**Exercise requirements:** Repeat the data in full and exactly. Leave the pictures out.

**Provided data:**
┌──
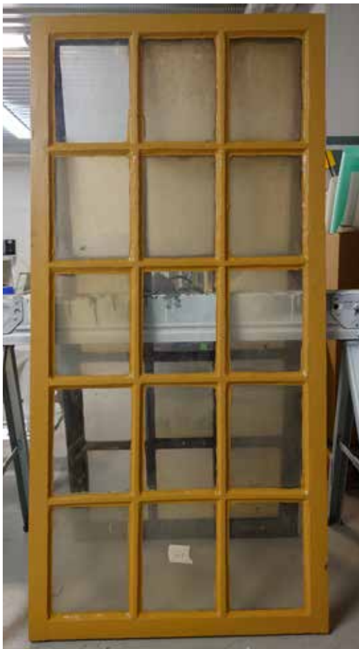
Fönstren åtgärdades på verkstad.
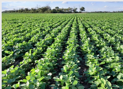
Visita de técnicos tailandeses a la Estación Experimental Agropecuaria de Marcos Juárez del INTA
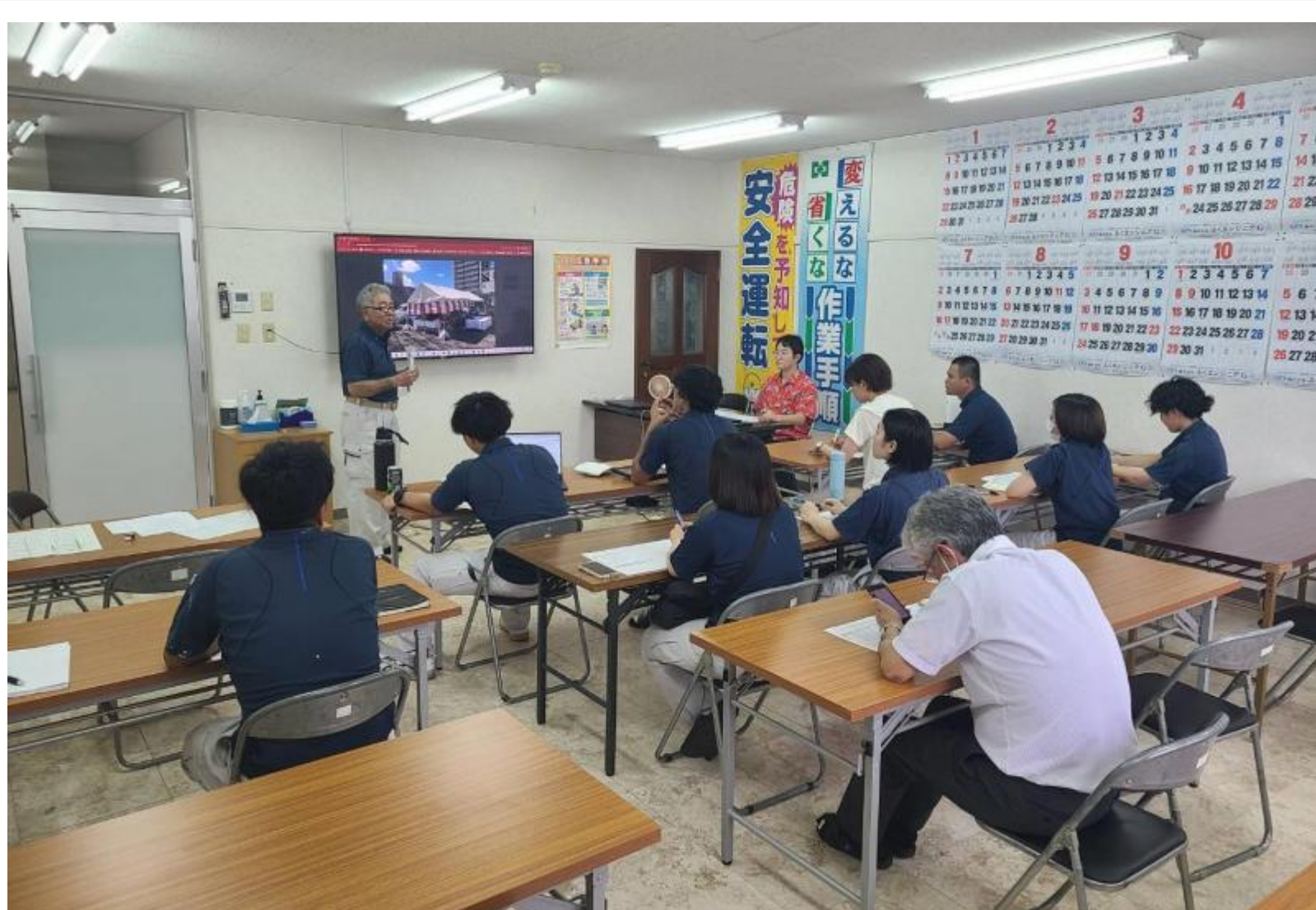
技術伝承塾の様子

ベテラン社員と若手社員ペアによる現場での技術・技能伝承 現場業務に関するベテラン社員の蓄積した経験談を座学で学ぶ技術伝承塾 短時間勤務や休暇を取りやすい体制づくり 高齢職員に任せる作業内容を負担なくできるように考慮 所定外労働の分析による業務プロセスの改善システム等を活用した作業の簡素化・効率化
└──
**Completed exercise:**
Fönstren åtgärdades på verkstad.
Visita de técnicos tailandeses a la Estación Experimental Agropecuaria de Marcos Juárez del INTA
技術伝承塾の様子

ベテラン社員と若手社員ペアによる現場での技術・技能伝承 現場業務に関するベテラン社員の蓄積した経験談を座学で学ぶ技術伝承塾 短時間勤務や休暇を取りやすい体制づくり 高齢職員に任せる作業内容を負担なくできるように考慮 所定外労働の分析による業務プロセスの改善システム等を活用した作業の簡素化・効率化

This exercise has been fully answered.